À mesure que le commerce des tortues marines s’est développé au cours du XXe siècle, les populations de tortues ont commencé à décliner précipitamment. Cela était dû en grande partie à la demande de peau de tortue de mer en remplacement de la peau de crocodile, qui était rare en raison de la diminution du nombre de crocodiles. Les tortues imbriquées, en particulier, étaient exploitées dans le commerce des écailles de tortue pour leurs carapaces frappantes. En 1990, le gouvernement mexicain a interdit la pêche des sept espèces.
Aujourd'hui, les frères Cuevas utilisent leurs connaissances traditionnelles dans des efforts de conservation pour compléter leur travail de pêche.
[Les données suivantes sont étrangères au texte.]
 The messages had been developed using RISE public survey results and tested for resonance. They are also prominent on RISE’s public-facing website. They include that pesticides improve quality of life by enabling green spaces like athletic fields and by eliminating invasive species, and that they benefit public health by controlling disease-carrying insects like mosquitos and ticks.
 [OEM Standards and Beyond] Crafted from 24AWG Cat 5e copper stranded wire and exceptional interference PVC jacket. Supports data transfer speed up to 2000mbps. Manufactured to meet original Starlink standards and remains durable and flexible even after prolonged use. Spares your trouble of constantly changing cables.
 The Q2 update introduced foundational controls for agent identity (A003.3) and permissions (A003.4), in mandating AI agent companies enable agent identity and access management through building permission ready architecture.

Depuis 2005, ils ont commencé à surveiller les tortues marines pour le compte du Grupo Tortuguero, une organisation locale qui travaille avec les communautés de pêcheurs.
« Les pêcheurs sont essentiels à la conservation des tortues marines », déclare en espagnol Karen Oceguera, directrice exécutive du Grupo Tortuguero. « Ce sont eux qui sont en contact direct avec les espèces marines et ce sont eux qui modifient leurs méthodes de pêche pour ne pas nuire aux tortues. »
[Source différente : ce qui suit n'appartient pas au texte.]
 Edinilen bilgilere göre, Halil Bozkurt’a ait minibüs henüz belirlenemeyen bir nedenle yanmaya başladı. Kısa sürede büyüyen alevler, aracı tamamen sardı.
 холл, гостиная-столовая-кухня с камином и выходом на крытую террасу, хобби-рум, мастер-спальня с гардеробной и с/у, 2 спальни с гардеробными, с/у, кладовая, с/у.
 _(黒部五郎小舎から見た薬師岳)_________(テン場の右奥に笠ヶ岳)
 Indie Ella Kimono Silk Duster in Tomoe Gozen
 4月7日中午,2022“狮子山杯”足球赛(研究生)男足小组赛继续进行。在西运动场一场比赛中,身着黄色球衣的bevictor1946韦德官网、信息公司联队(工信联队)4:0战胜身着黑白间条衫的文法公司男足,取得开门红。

Selon Weaver, un autre avantage pour les pêcheurs travaillant sur des projets de conservation des tortues marines est que cela leur permet de maintenir un lien avec les animaux qui font partie de leur patrimoine culturel. « Il y a certaines choses qui sont vraiment ancrées dans votre identité de pêcheur, et l'une d'entre elles est la pêche aux tortues », explique-t-elle. « Voir cette communauté se lancer dans la surveillance des tortues, puis l'amener à un tout autre niveau (avec des projets de recherche scientifique) – c'est vraiment cool de les voir maintenir leur relation avec cette espèce. »
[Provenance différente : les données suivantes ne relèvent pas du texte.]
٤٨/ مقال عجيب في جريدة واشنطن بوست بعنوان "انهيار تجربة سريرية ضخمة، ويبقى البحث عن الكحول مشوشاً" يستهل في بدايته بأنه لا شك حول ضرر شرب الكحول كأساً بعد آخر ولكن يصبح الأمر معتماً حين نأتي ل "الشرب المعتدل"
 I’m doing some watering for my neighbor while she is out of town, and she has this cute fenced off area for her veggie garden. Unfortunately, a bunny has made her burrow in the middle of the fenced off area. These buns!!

Dernièrement, les frères Cuevas travaillent davantage dans la recherche et la conservation que dans la pêche. En plus de travailler avec les tortues marines en haute mer, ils ont également contribué à la recherche sur les raies manta et à la surveillance des requins, et commenceront bientôt à travailler avec les tortues marines sur les plages de nidification. À l'automne, ils parcourront le Golfe avec Martínez, à la recherche de tortues imbriquées dans d'autres estuaires de mangroves. S'ils les trouvent, Martínez espère que les communautés de pêcheurs voisines pourront également créer des refuges de pêche dans le cadre d'une stratégie de conservation des tortues imbriquées.
Au camp de recherche d'Isla El Pardito, les frères Cuevas aident Martínez à peser la tortue qu'ils ont capturée, dont ils ont déterminé qu'il s'agissait d'une femelle. Après avoir fixé un émetteur satellite sur sa carapace, Felipe conduit lentement le panga à travers les mangroves pendant que Juan veille. Tous deux suivent leur instinct de pêcheur, scrutant constamment l’eau à la recherche de signes de vie. Lorsqu'ils arrivent au canal où ils ont capturé la tortue imbriquée, Juan Cuevas la soulève doucement, la met à l'eau et la libère.